Daddy by Emma Cline

Emma Cline is a modern master of the form of the short story, and her new collection Daddy explores a modern world where the anxious feminine character weaves among vulturous men in the literal and anticipated senses to examine what happens when we indulge in our anxieties.

In these stories, our characters are occasionally well aware of the emotional and physical atrocities they have committed to another, while others are ignorant of the slow-burning impact their actions have all had on those around them until decades later, if at all. In every sense, these pieces are a subtle yet striking window into the inner workings of our characters, oftentimes with some power dynamic that strikes at the foundations of every interaction, be it familial, aged, professional, gendered, or psychological. These stories are wholly about the discovery or lack of discovery of this dynamic, and the anxious vibrations that hum beneath the surface of every interactions and what we use to cope with these anxieties. Every story in this collection is an incredible feat of storytelling engineering, and the true thematic depth of where Cline is going is often not apparent at the beginning of each piece as a structural shift often comes later to reveal the true directions of the piece.

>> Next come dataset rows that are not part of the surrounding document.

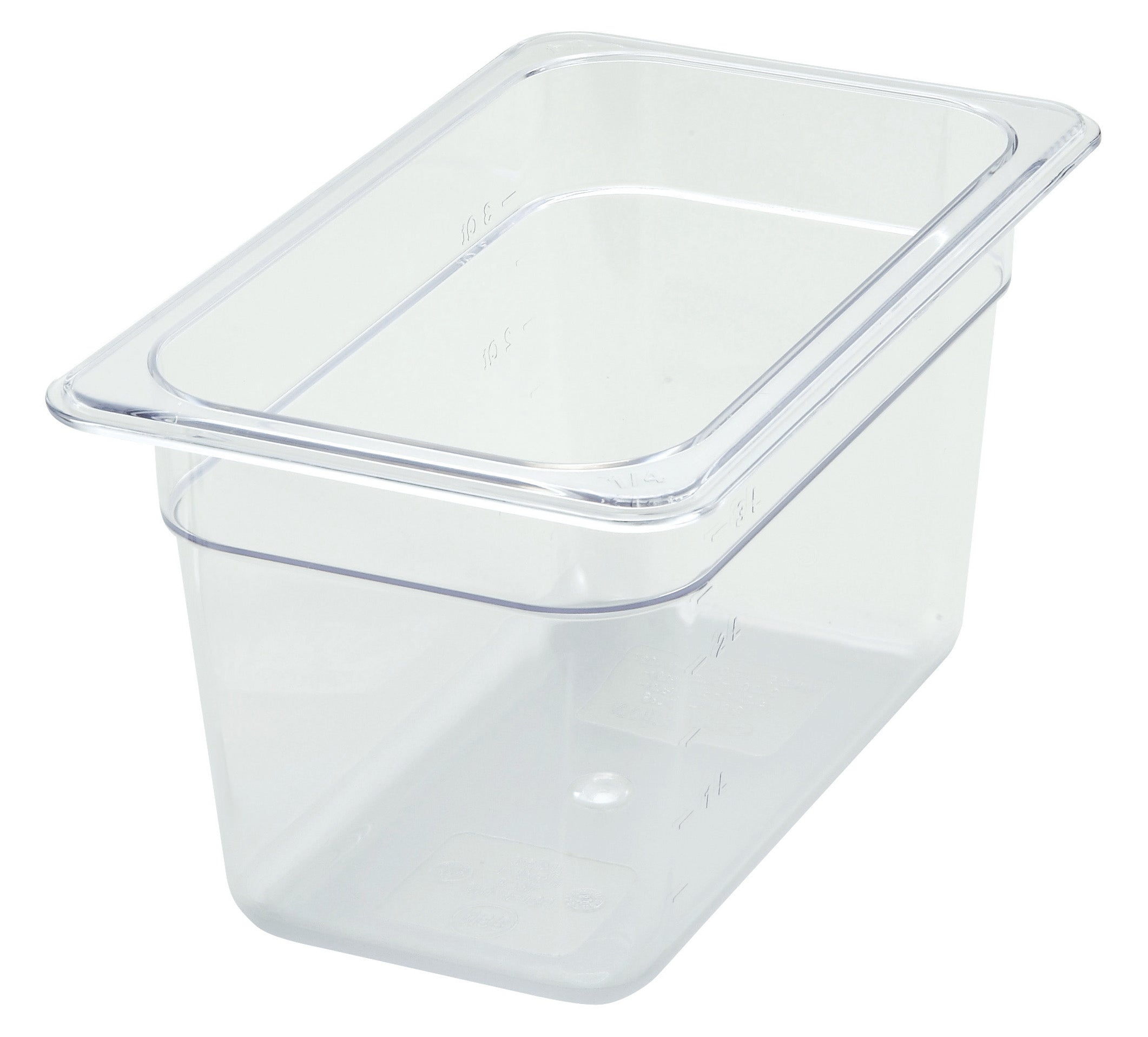 Winco SP7406 10 Inch Clear Polycarbonate Food Pan 1/4 Size with Dishwasher Safe
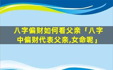 八字中,偏,财,一般 🕸 代 🐬 表父亲但对于女命来说代表父亲的通常是正官或七杀。
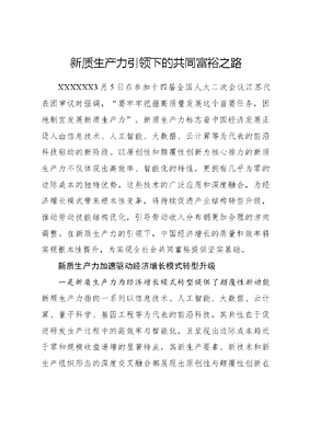 新质生产力引领下的共同富裕之路XXXXXX3月5日在参加十四届全国人大二次会议江苏代表团审议时强调,要牢牢把握高质量发展这个首要任务,因地制宜发展新质生产力。新质生产力标志着中国经济发展正迈入由信息技术、人工智能、大数据、云计算等为代表的前沿科技驱动的新阶段。以原创性和颠覆性创新为核心推力的新质生产力不仅体现出高效率、智能化的特性,更拥有几乎为零的边际成本的独特优势。这些技术的广泛应用和深度融合,为经济增长模式带来根本性变革,将持续促进产业结构转型升级,推动劳动技能结构优化,引导劳动收入分布朝更加合理的方向调整。在新质生产力的引领下,中国经济增长的质量和效率将实现根本性提升,为实现全社会共同富裕提供坚实基础。新质生产力加速驱动经济增长模式转型升级一是新质生产力为经济增长模式转型提供了颠覆性新动能新质生产力指向一系列以信息技术、人工智能、大数据、云计算、量子科学、基因工程等为代表的前沿科技,其共性在于促进研发生产过程中的高效率与智能化,且呈现出边际成本趋近于零和规模收益递增的显著特点,其新生产要素、新技术和新生产组织形态的深度交叉融合都展现出原创性与颠覆性创新在深入推动经济转型升级中的核心作用。在新质生产力的引领下,经济增长不仅仅是倚重普通的智能化、自动化技术在边际上的改进和应用,更关键在于提供了进一步转型升级要求的颠覆性新动能:一是要求原创性的基础科学发现以推动人类对世界和自身客观规律的新认知和掌握,从而在未来产业国际竞争中牢牢占领从0到1的科学话语权;二是要求可在技术和经济效益上能替代现有生产路径的全新制造技术和工艺,这将既确保国家在国际分工中占据产业链、价值链高位,持续分享国际贸易中的丰厚科技红利,也确保着国家科技安全。二是新质生产力为经济增长模式转型升级孕育产业新生态新增长模式还体现在新产业体系的成熟上。在目前技术进步和科技创新驱动的经济增长模式基础上,新质生产力更加强调在全社会范围内实现产业结构和生产组织体系的根本性变革:在消费侧,依托互联网和借势数字化进程,通过新技术的应用,从消费终端接受并编码消费者个性化偏好;在生产侧,以产业互联网(物联网的早期阶段)聚合大批量的生产性服务企业和制造企业,贯通协作形成产业集群与生产矩阵,响应市场需求,诞生出全新的产业形态和商业模式,这是未来经济增长的新生态,亦将极大提升社会全要素生产率和生产网络韧性。因此,在目前的经济增长转型模式基础上,新质生产力将从基础科学文可居文库——海量学习资料,手机电脑均可下载www.wenkeju.com新发现、新技术路径替代、全球分工、产业新生态、社会全要素生产率、经济韧性和国家安全等维度加速驱动经济增长模式转型升级。新质生产力多维提升全社会福利水平新质生产力正在全球范围内重塑经济增长的模式、就业结构、公共服务体系以及环境保护和可持续发展策略。它通过整合人工智能、大数据、云计算等前沿技术,不仅推动了经济的高质量增长,也对社会福利的整体提升产生了深远影响。一是提升消费水平,促进经济良性循环,增加高技能劳动者收入水平。新质生产力通过促进技术革新和应用,直接加速了经济增长的动力,提高了国民经济的整体收入水平。这一过程中,高技术产业如智能制造、生物科技、新能源等领域的快速发展,不仅吸引了大量资本投入,也为高技能劳动者提供了高薪的就业机会。这些高薪就业机会在提升个人收入的同时,也促进了消费能力的提升,形成了经济良性循环的动力源泉。二是持续调节就业结构,增加低技能非编码型劳动者收入随着新兴技术的广泛应用,新质生产力对劳动市场的需求结构产生了根本性影响。技术进步不仅增加了传统和新兴行业对高技术劳动需求,促使就业结构向高技能领域转移。高薪高技能群体迸发出的消费需求还将增加市场对传统非编码型人工劳动文可居文库——海量学习资料,手机电脑均可下载www.wenkeju.com的需要,这在牵引劳动力市场结构转移的同时,也提高了相应劳动力群体的收入。三是提高公共服务的普及率与共享质量。新质生产力通过信息技术的应用,显著改进了公共服务的提供方式,提高了服务的效率和覆盖面。比如,在线教育和远程医疗等新模式的发展,不仅打破了地域和时间的限制,使得高质量的教育资源和医疗服务能够惠及更广泛的人群,还极大提升了基本公共服务的普及率和质量,有效缩小了城乡和区域间的发展差距。四是促进环境保护和可持续发展。通过推广新能源技术和应用,如太阳能、风能等,减少了对化石能源的依赖,有效节能减排,改善生态质量。同时,循环经济和绿色消费的推广,提高了资源的循环利用率,减少了资源的浪费,促进了经济的绿色可持续发展。实现共同富裕战略目标的建议新质生产力发展的同时将对劳动市场和收入分布格局带来了显著影响。比如,劳资比重的变化、劳动市场的结构性摩擦、劳动收入差距的演变、区域发展差
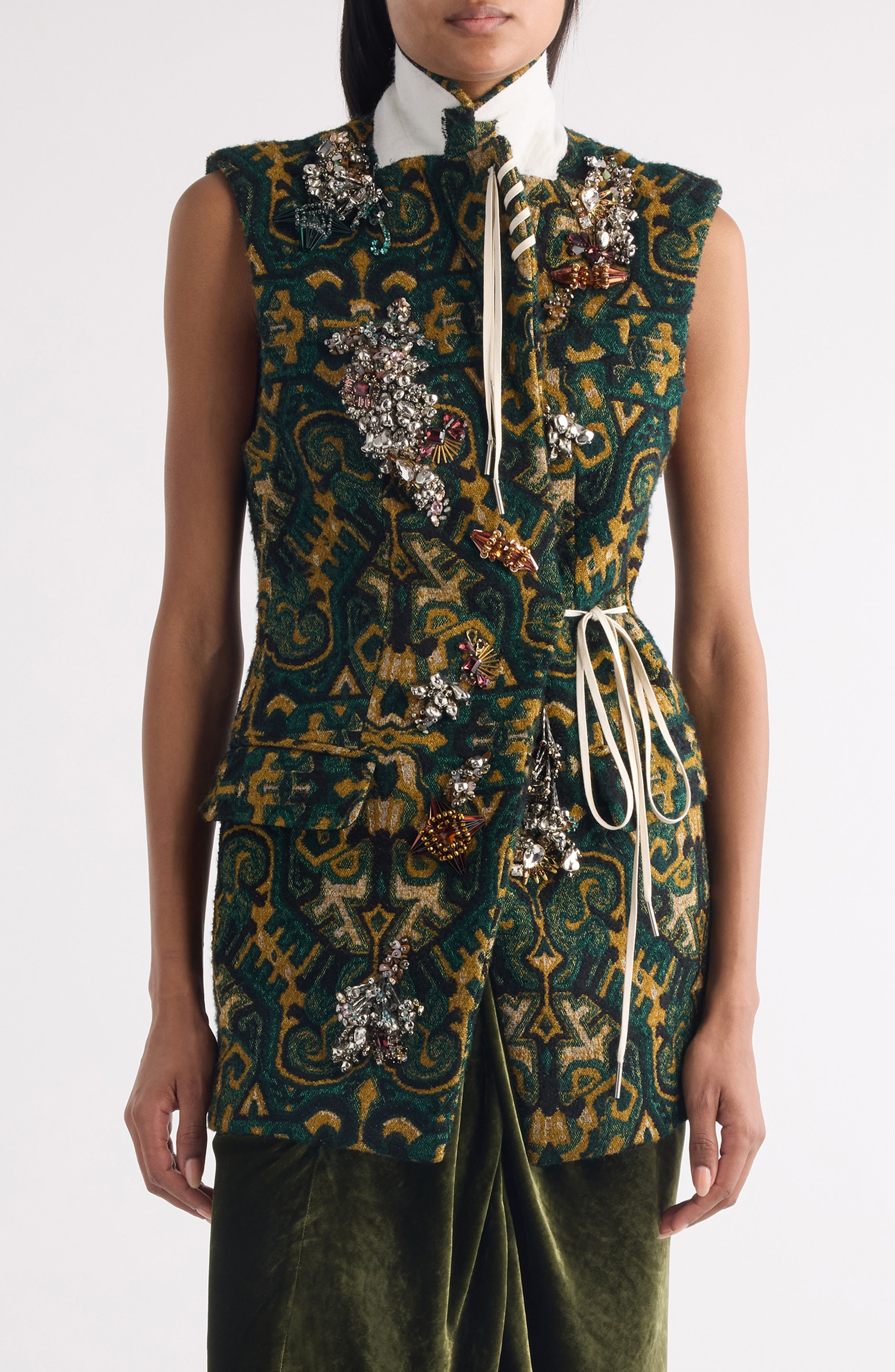 Dries Van Noten Bimbila Embellished Sleeveless Blazer in Bottle at Nordstrom

While this can often be disorienting when handled by less capable writers, Cline is able to perform a magic of bookends in her stories that open like a butterfly’s wings once you have the perspective of seeing them furl open for the first time.

My favorite pieces in this collection were easily “What Can You Do With A General, Los Angeles, Northeast Regional, Marion, Mack The Knife, and A/S/L. A stunning achievement of the form.